(Stored data entries)
▽

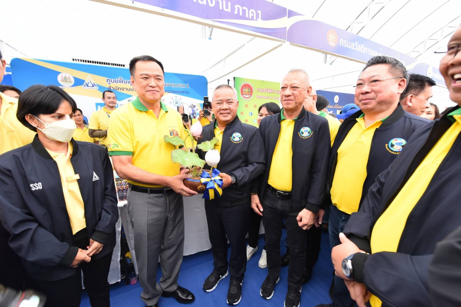 From there, Mr. Anutin met and greeted workers who attended the event. Even though the weather was hot and humid, many workers came to give a warm welcome. For the National Labour Day this year, agencies under the Ministry of Labour joined in setting up booths to organize engaging activities, such as job recruitment through the thaimeengantum platform, demonstrations of self-employment opportunities, training through the DSD Online Training system on making herbal drinks, free basic health check-up services from hospitals in the Social Security Office network, provision of social security rights verification services, games, quizzes, with many give away prizes.
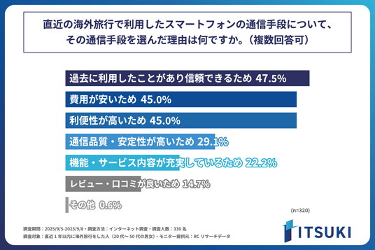 次に、海外旅行でスマートフォンの通信を利用した(通信を利用しなかった以外)と回答した人を対象に「直近の海外旅行で利用したスマートフォンの通信手段について、その通信手段を選んだ理由」を尋ねる設問への回答では、1位が「過去に利用したことがあり信頼できるため」で47.5%、2位が同率で「費用が安いため」と「利便性が高いため」で45.0%という結果になりました。この結果から、海外旅行でスマートフォンの通信を利用した人が、その通信手段を選んだ理由として最も多いのは、「過去に利用したことがあり信頼できるため」であることがわかりました。
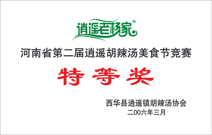逍遥老杨家胡辣汤 在2006年河南省第二届逍遥镇胡辣汤美食节竞赛上从众多参赛者中脱颖而出,荣获特等奖🏅 还是河南电视台的上榜品牌哦~
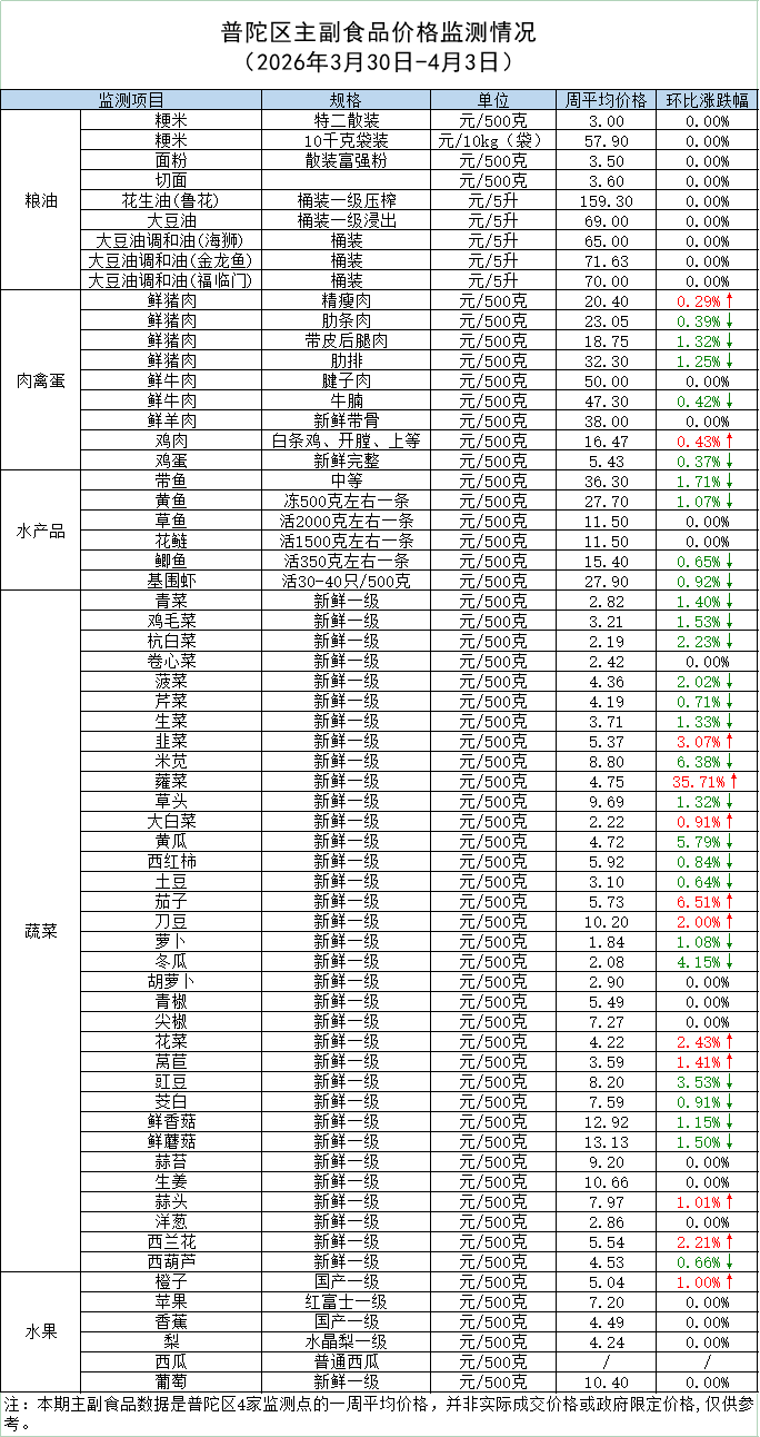 普陀区主副食品价格监测情况 (2026年4月3日)
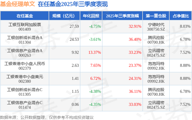 证券之星消息,截止2025年三季度末,基金经理单文旗下共管理7只基金,本季度表现最佳的为工银创新成长混合A(011304),季度净值涨36.4%。
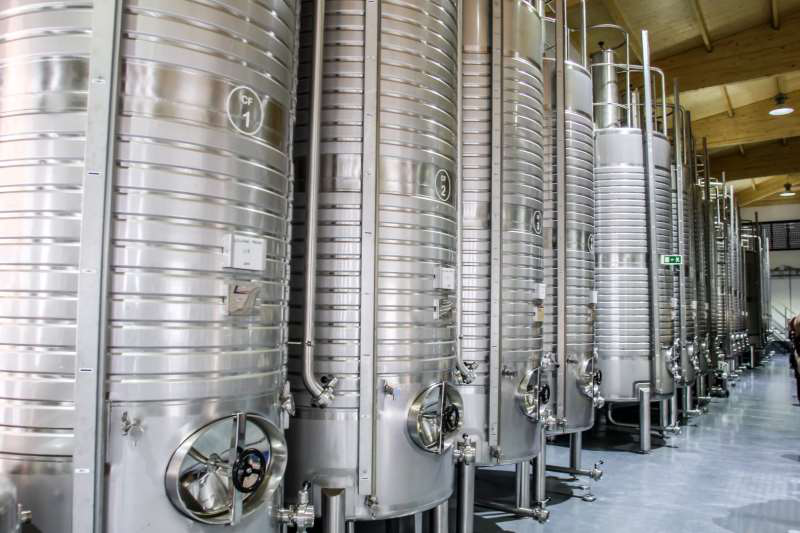 紅葡萄酒的發(fā)酵溫度較高,一般為20-32℃,較高的溫度有利于提取顏色和單寧。由于果皮和葡萄汁一起發(fā)酵,紅葡萄酒的發(fā)酵一般不會(huì)在橡木桶中進(jìn)行,而是更多地在不銹鋼罐等惰性容器中進(jìn)行。在發(fā)酵過程中,釀酒師會(huì)選擇使用淋皮(Pump Over)、倒罐并回混(Rack and Return)、旋轉(zhuǎn)式發(fā)酵機(jī)(Rotary Fermenter)等方式幫助葡萄汁與果皮進(jìn)行更多的接觸,促進(jìn)顏色、單寧和風(fēng)味物質(zhì)的提取。
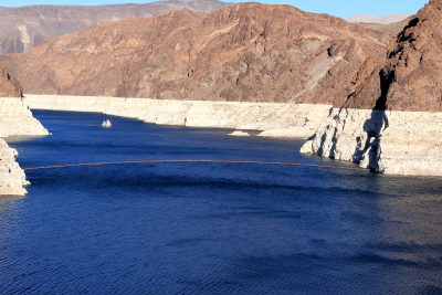 (51) The white mineral stain you see in the image is showing the obvious that Lake Mead's water level is shrinking. All of this is caused by the many years of drought out here in the western states. The upside is this problem reveals the ghost town, St. Thomas, that was submerged by the government after purchasing the land to build Hoover Dam. Another popular site is for divers, which is the wreckage of the B-29 that crashed in 1948 that went down in 240 feet of water. The depth is now about 102 feet. This increases the tourism.
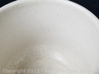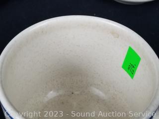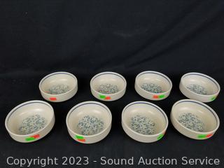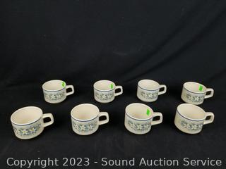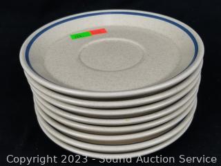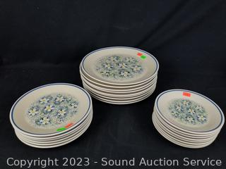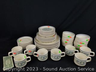 8 bowls, 8 cups, 8 saucers, 8snack plates, 6 lunch plates, 9 dinner plates. Light wear from use, Don't see any major issues.
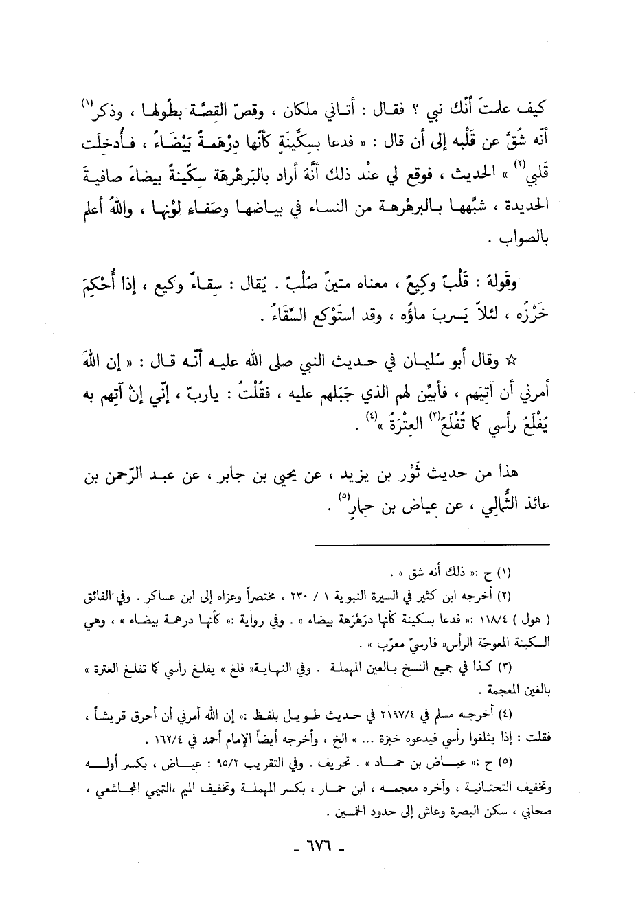 كَيْفَ عَلِمْتَ أَنَّكَ نَبِيٌّ فَقَالَ: "أَتَانِي مَلَكَانِ" وَقَصَّ الْقِصَّةَ بِطُولِهَا وَذَكَرَ 1 أَنَّهُ شُقَّ عَنْ قَلْبِهِ إِلَى أَنْ قَالَ: "فَدَعَا بِسِكِّينَةٍ كَأَنَّهَا دِرْهَمَةٌ بَيْضَاءُ فَأُدْخِلَتْ قَلْبِي" 2 الْحَدِيثَ فَوَقَعَ لِي عِنْدَ ذَلِكَ أَنَّهُ أَرَادَ بِالْبَرَهْرَهَةِ سِكِّينَةً بَيْضَاءَ صَافِيةَ الْحَدِيدَةِ شَبَّهَهَا بِالْبَرَهْرَهَةِ مِنَ النِّسَاءِ فِي بَيَاضِهَا وَصَفَاءِ لَوْنِهَا وَاللَّهُ أَعْلَمُ بِالصَّوَابِ.
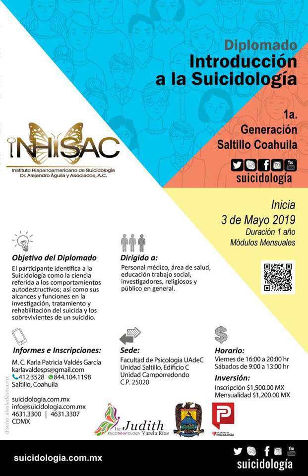 La Universidad Autónoma de Coahuila, a través de la Facultad de Psicología, en coordinación con el Instituto Hispanoamericano de Suicidiología, Dr. Alejandro Águila y Asociados, A.C., convocan a participar en el Diplomado Introducción a la Suicidiología.
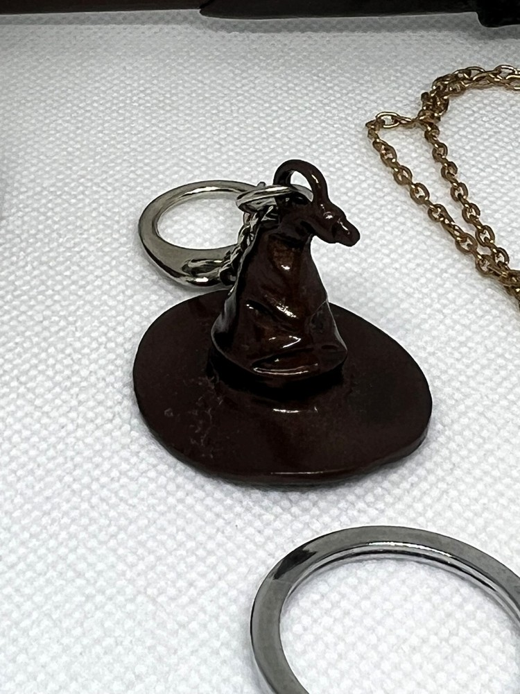 Harry Potter Mixed Lot 6 Items: -Hermione Granger Time Turner Necklace -Sorting Hat Metal Keychain -Golden Snitch With Wood Base (no wings) -9 3/4 Keychain -Keys To The Nimbus 2000 Keychain -Wand Pen Everything in the pictures is included. Items are in like new condition!
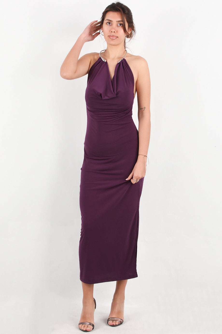 Backless Kadın Boynu Halka Detay Sırt Dekolte Elbise Mor
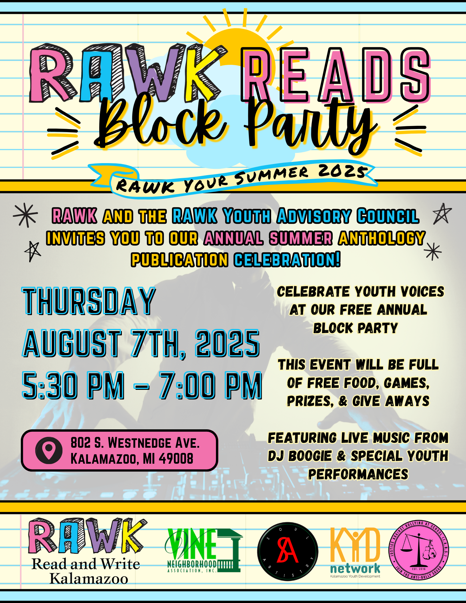 RAWK with us on Thursday, August 7th from 5:30 PM – 7:00 PM at our annual RAWK Reads Block Party hosted by our one and only Youth Advisory Council! Join us in the back parking lot at 802 S. Westnedge Ave. as we celebrate our youth, amplify their stories, and RAWK out the summer!
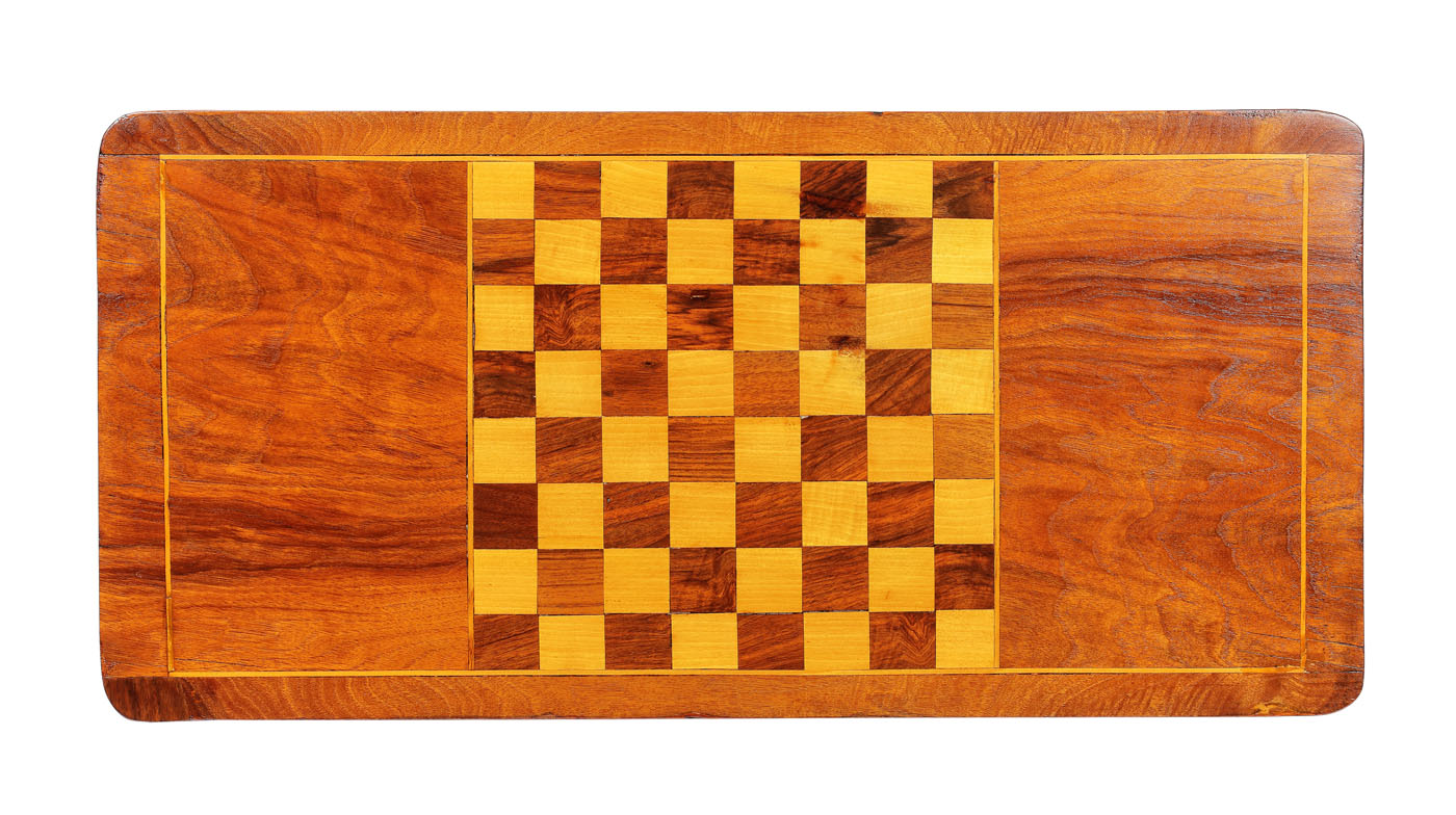 14. Interesantă masă din lemn de nuc, în manieră victoriană, dedicată jocului de șah, sfârșitul sec. XIX

△

Exactly the lines above, from the one containing "普陀区主副食品价格监测情况 (2026年4月3日)" down to the one containing "Backless Kadın Boynu", are to be repeated, including both ends. Pictures are not part of the copy.

 普陀区主副食品价格监测情况 (2026年4月3日)
 证券之星消息,截止2025年三季度末,基金经理单文旗下共管理7只基金,本季度表现最佳的为工银创新成长混合A(011304),季度净值涨36.4%。
 紅葡萄酒的發(fā)酵溫度較高,一般為20-32℃,較高的溫度有利于提取顏色和單寧。由于果皮和葡萄汁一起發(fā)酵,紅葡萄酒的發(fā)酵一般不會(huì)在橡木桶中進(jìn)行,而是更多地在不銹鋼罐等惰性容器中進(jìn)行。在發(fā)酵過程中,釀酒師會(huì)選擇使用淋皮(Pump Over)、倒罐并回混(Rack and Return)、旋轉(zhuǎn)式發(fā)酵機(jī)(Rotary Fermenter)等方式幫助葡萄汁與果皮進(jìn)行更多的接觸,促進(jìn)顏色、單寧和風(fēng)味物質(zhì)的提取。
 (51) The white mineral stain you see in the image is showing the obvious that Lake Mead's water level is shrinking. All of this is caused by the many years of drought out here in the western states. The upside is this problem reveals the ghost town, St. Thomas, that was submerged by the government after purchasing the land to build Hoover Dam. Another popular site is for divers, which is the wreckage of the B-29 that crashed in 1948 that went down in 240 feet of water. The depth is now about 102 feet. This increases the tourism.
 8 bowls, 8 cups, 8 saucers, 8snack plates, 6 lunch plates, 9 dinner plates. Light wear from use, Don't see any major issues.
 كَيْفَ عَلِمْتَ أَنَّكَ نَبِيٌّ فَقَالَ: "أَتَانِي مَلَكَانِ" وَقَصَّ الْقِصَّةَ بِطُولِهَا وَذَكَرَ 1 أَنَّهُ شُقَّ عَنْ قَلْبِهِ إِلَى أَنْ قَالَ: "فَدَعَا بِسِكِّينَةٍ كَأَنَّهَا دِرْهَمَةٌ بَيْضَاءُ فَأُدْخِلَتْ قَلْبِي" 2 الْحَدِيثَ فَوَقَعَ لِي عِنْدَ ذَلِكَ أَنَّهُ أَرَادَ بِالْبَرَهْرَهَةِ سِكِّينَةً بَيْضَاءَ صَافِيةَ الْحَدِيدَةِ شَبَّهَهَا بِالْبَرَهْرَهَةِ مِنَ النِّسَاءِ فِي بَيَاضِهَا وَصَفَاءِ لَوْنِهَا وَاللَّهُ أَعْلَمُ بِالصَّوَابِ.
 La Universidad Autónoma de Coahuila, a través de la Facultad de Psicología, en coordinación con el Instituto Hispanoamericano de Suicidiología, Dr. Alejandro Águila y Asociados, A.C., convocan a participar en el Diplomado Introducción a la Suicidiología.
 Harry Potter Mixed Lot 6 Items: -Hermione Granger Time Turner Necklace -Sorting Hat Metal Keychain -Golden Snitch With Wood Base (no wings) -9 3/4 Keychain -Keys To The Nimbus 2000 Keychain -Wand Pen Everything in the pictures is included. Items are in like new condition!
 Backless Kadın Boynu Halka Detay Sırt Dekolte Elbise Mor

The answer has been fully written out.